## Work order
Starting with the line that holds "ヤフオクにて購入。イエローのアキュラNSXの画像が鮮やか。モデルは後期型。 | ||" and stopping after the line that holds "A kitchen essential, this", repeat the lines below word for word, without the pictures.

## Provided material
★ ★ ★

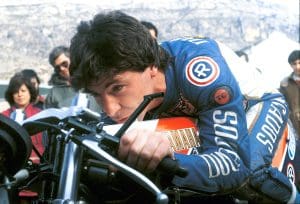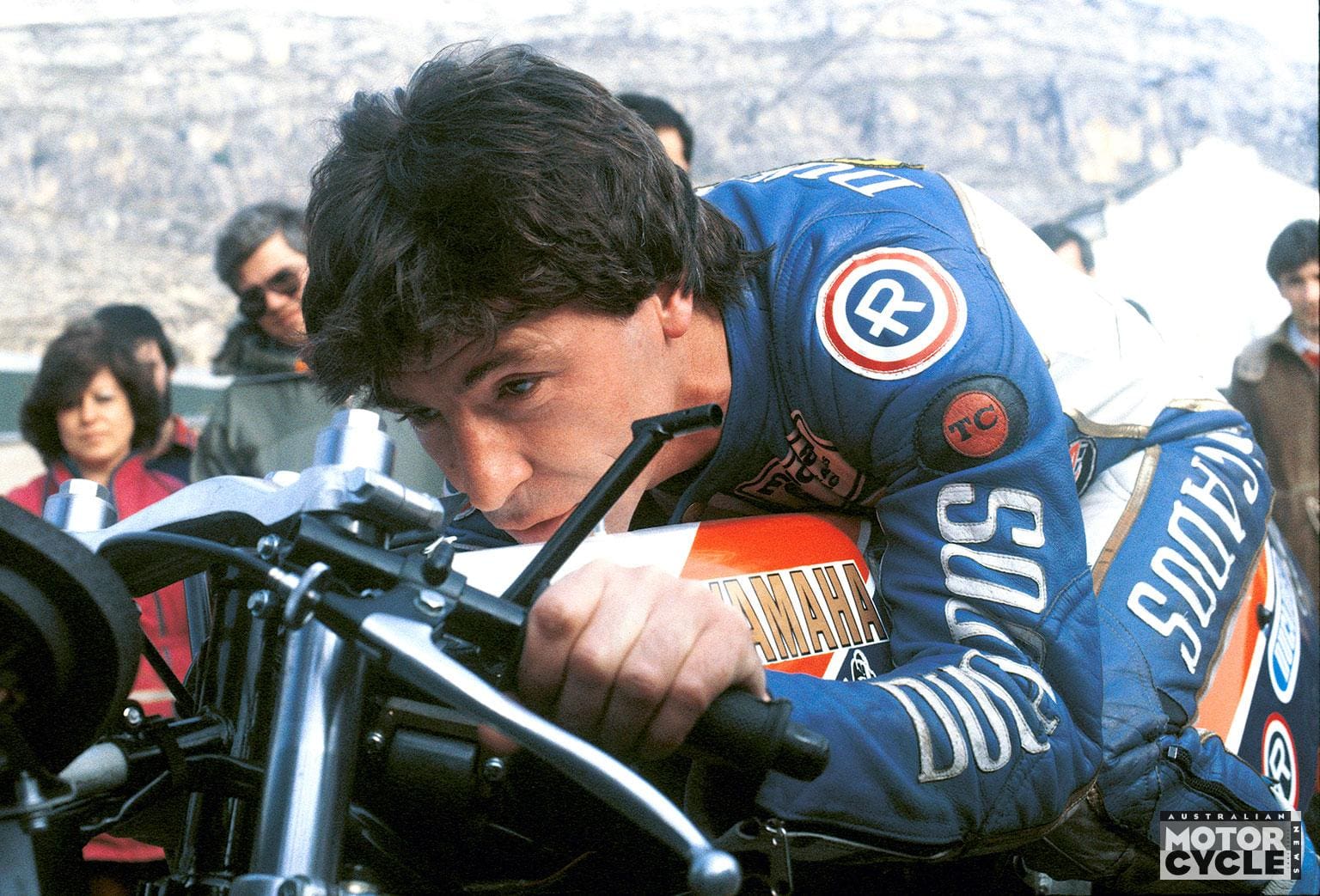 Angel-Nieto–Yamaha-250cc-sitting-position-chin-flat-on-tank–1983-AHERL-ARCHIVE
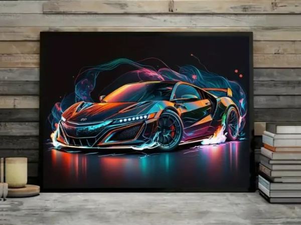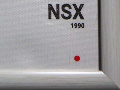 | ヤフオクにて購入。アキュラNSXの室内の画像。裏面には壁掛け用の穴あり。 | ヤフオクにて購入。イエローのアキュラNSXの画像が鮮やか。モデルは後期型。 | ||
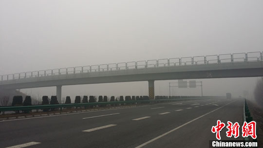 1月9日,济广高速阜阳段入口封闭,能见度不足10米。中新社发 张娅子 摄
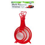 A kitchen essential, this 4-piece Kitchen Strainer Set features white nylon mesh, bowl edge supports and handles designed for hanging. Dimensions are approximately: 10 3/4" x 5 5/8" diameter; 8 3/8" x 4 3/8" diameter; 6 7/8" x 3 1/4" diameter; and 5 3/4" x 2 1/2" diameter. Comes in assorted colors. Comes packaged in a poly bag with a header card.,Kitchen Strainer Set,Coladores 4Pzas
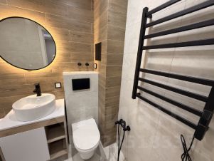 В квартире есть всё необходимое для комфортного проживания: современная мебель на кухне и в комнате, техника — холодильник, телевизор и стиральная машина. Санузел совмещённый, оборудован ванной. Также имеется балкон, где можно отдохнуть на свежем воздухе.
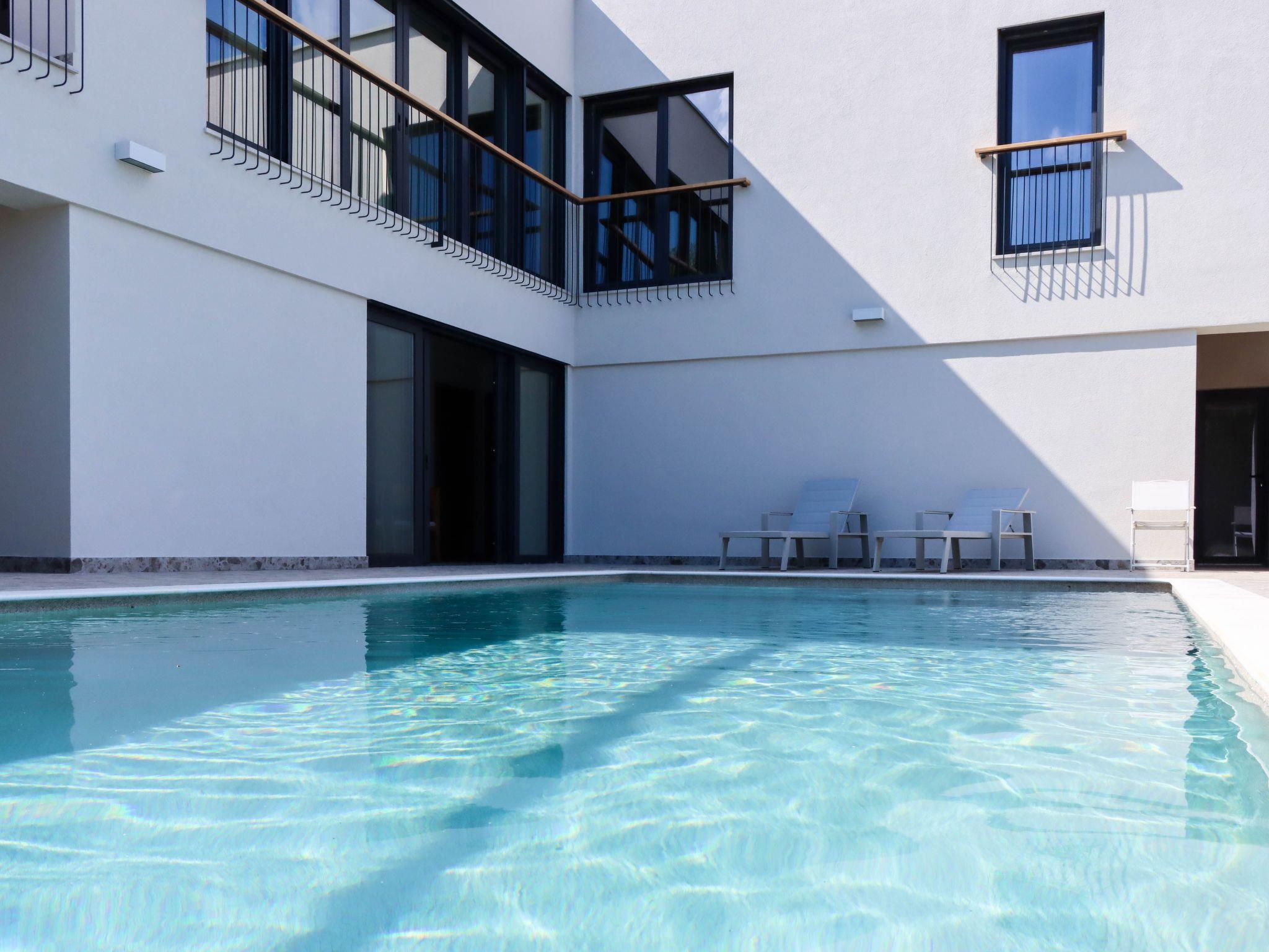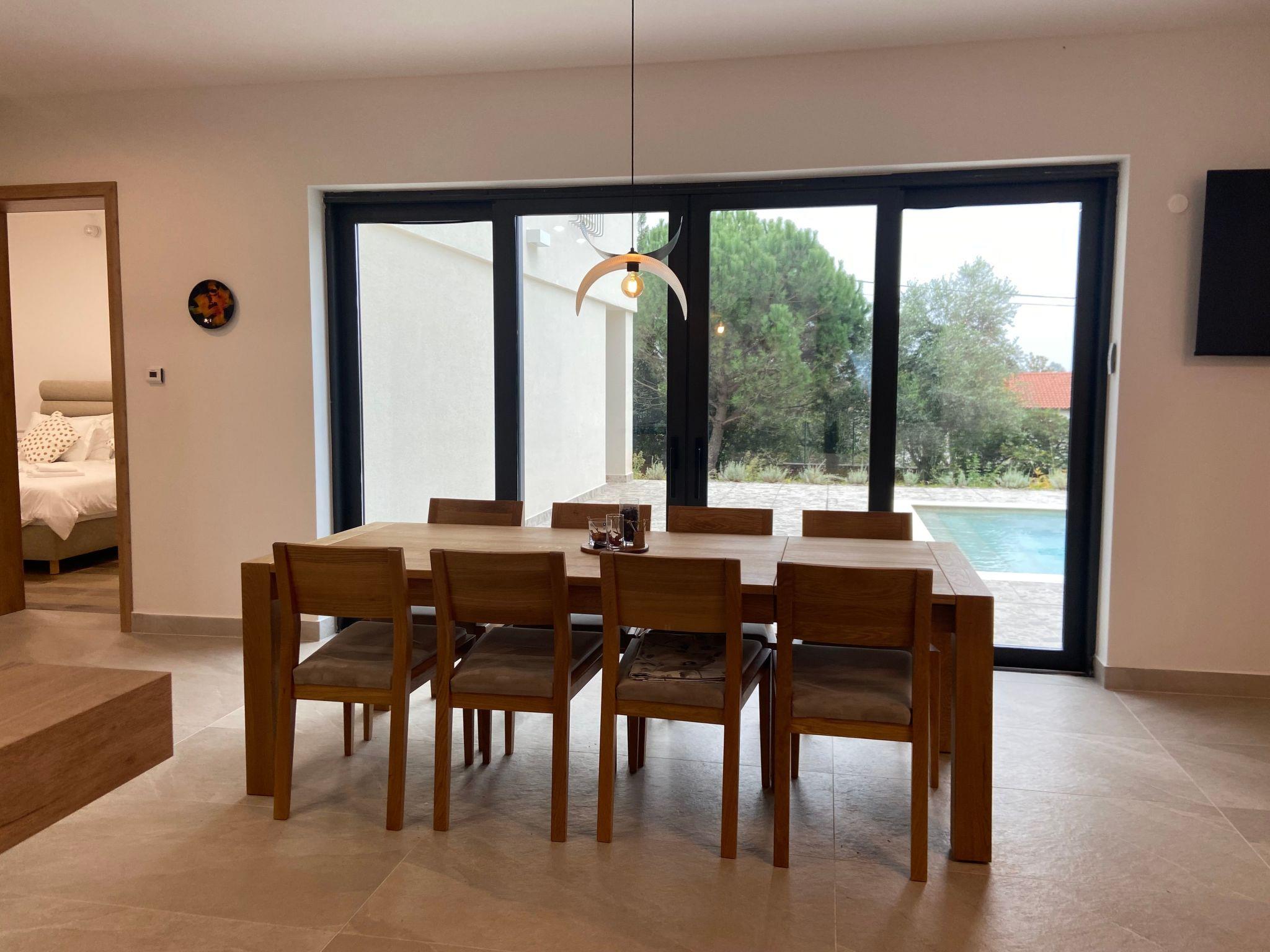 Villa Mi is sourounded by Mediteranean garden and swimming pool. The outdoor facilities next to the swimming pool includes a barbecue with a large dining table, deckchairs, a sauna with a bathroom and some outdoor games.

★ ★ ★

## Written answer
 | ヤフオクにて購入。アキュラNSXの室内の画像。裏面には壁掛け用の穴あり。 | ヤフオクにて購入。イエローのアキュラNSXの画像が鮮やか。モデルは後期型。 | ||
 1月9日,济广高速阜阳段入口封闭,能见度不足10米。中新社发 张娅子 摄
 A kitchen essential, this 4-piece Kitchen Strainer Set features white nylon mesh, bowl edge supports and handles designed for hanging. Dimensions are approximately: 10 3/4" x 5 5/8" diameter; 8 3/8" x 4 3/8" diameter; 6 7/8" x 3 1/4" diameter; and 5 3/4" x 2 1/2" diameter. Comes in assorted colors. Comes packaged in a poly bag with a header card.,Kitchen Strainer Set,Coladores 4Pzas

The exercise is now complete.